In a diatribe against fossil fuel firms on Thursday, the chief of the UN said that they were abandoning future generations and sabotaging attempts to phase out a substance that was “incompatible with human survival.”
Additionally, Secretary-General Antonio Guterres rejected claims made by certain oil executives, notably the man chosen to lead this year’s global climate negotiations in Dubai, that fossil fuel companies can maintain production provided they figure out a mechanism to trap greenhouse gas emissions.
They would become “more effective planet-wreckers,” he threatened. The United Nations has done this before.
Chief has criticized Big Oil for its part in creating global warming, but the direct criticism reflects rising resentment over the industry’s recent economic boom despite scientific warnings that burning fossil fuels will cause global warming.
Following a meeting with civil society organizations, Guterres stated that the oil and gas business “reaped a record $4 trillion windfall in net income last year.”
“Yet for every dollar it spends on oil and gas drilling and exploration, only 4 cents went to clean energy and carbon capture—combined.”
“Trading the future for thirty pieces of silver is immoral,” he declared.

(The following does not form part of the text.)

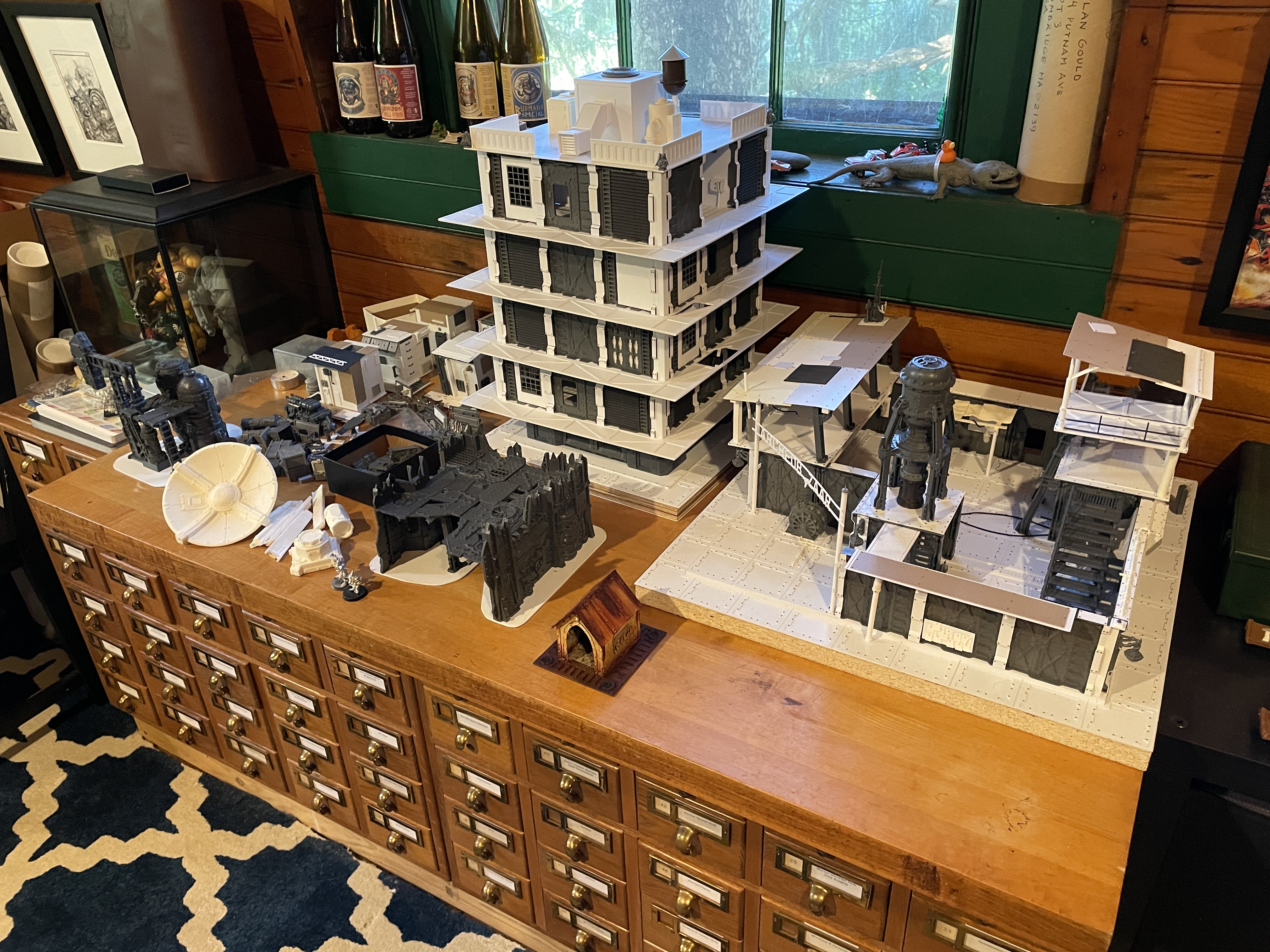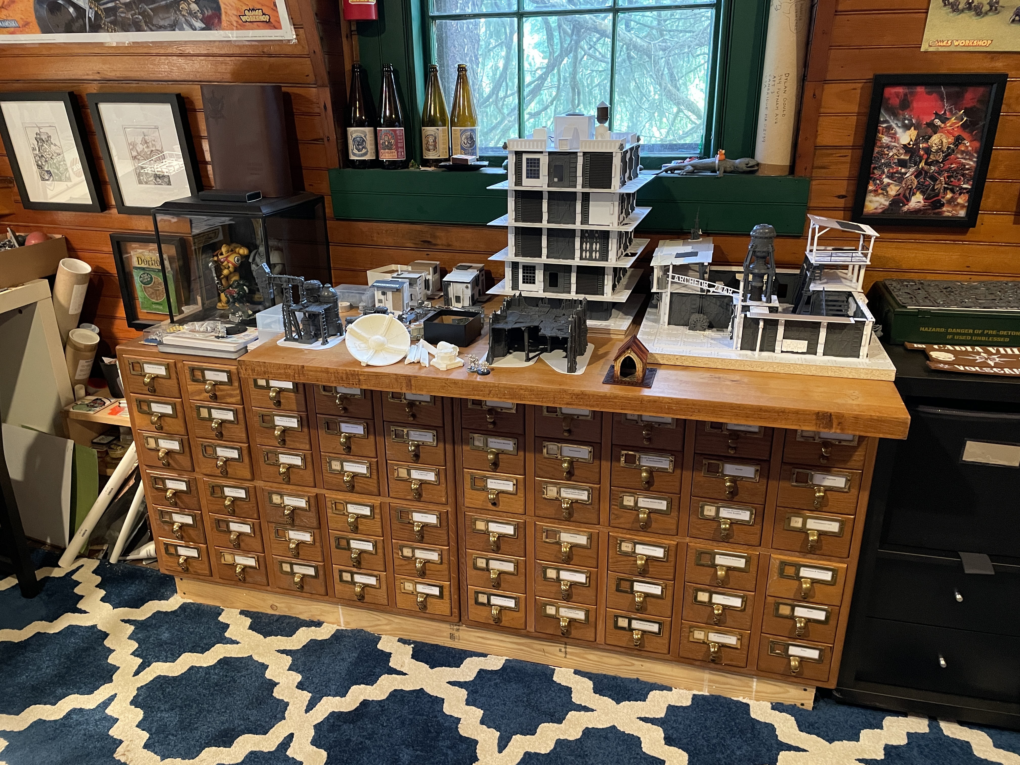 On the wall to the right sits a pair of card catalogs which were gifted to me from a friend. These contain all my loose metal miniature, which is a massive collection encompassing pretty much every sculpt that was produced for Warhammer 40k from 1988-1997. I used to have them in flat cardboard boxes, which was fine, but not very visually attractive, nor easy to find everything quickly without having to moved a bunch of stuff. Every drawer is labeled which makes finding everything very easy. On top sits an old butcher block and that's been designated for all my work in progress projects. Large terrain pieces that I'm taking a break from while I work on other stuff, minis waiting attention, etc. Also on there is a little display box that has a Bandai marine, a McFarlane Marine and one of the old Sideshow Collectable marines. Above sit the empty bottle of beer that you can get at Warhammer World, which a friend brought back from England years ago.

The sector was urged by Guterres to present a convincing strategy for switching to renewable energy “and away from a product incompatible with human survival.’
Instead, investing their enormous earnings on renewable energy would enable the sector “to survive the transition and remain very important and relevant actors in the world economy,” he added.
Recently, fossil fuel firms have promoted the concept that they should be permitted to continue extracting oil and gas from the ground as long as they reduce greenhouse gas emissions in the process.
Experts reject this proposal as being too complex and expensive to achieve the urgent greenhouse gas reductions required.
In response to recent remarks made by Sultan al-Jaber, the representative of the United Arab Emirates who will take over as the next U.N. secretary-general, Guterres remarked, “The problem is not merely fossil fuel emissions
conference on climate.
It’s fossil fuels, plain and simple.
Environmentalists and Western parliamentarians have criticized Al-Jaber for his tight links to the fossil fuel business.
Al-Jaber is also the UAE’s minister of industry and the CEO of the Abu Dhabi National Oil Company.
The most polluting fossil fuel, coal, should be phased out by wealthier countries by the year 2030, and others should follow suit a decade later, he said.
He said that governments should stop licensing or supporting new oil and gas projects, move subsidies from fossil fuels to sustainable energy initiatives, and put a price on carbon emissions.
In addition to urging those who were already funding fossil fuel projects to continue doing so, Guterres urged financial institutions to “not (to) relent in the face of attacks on progress.” You’re acting ethically, he said. “Go ahead.”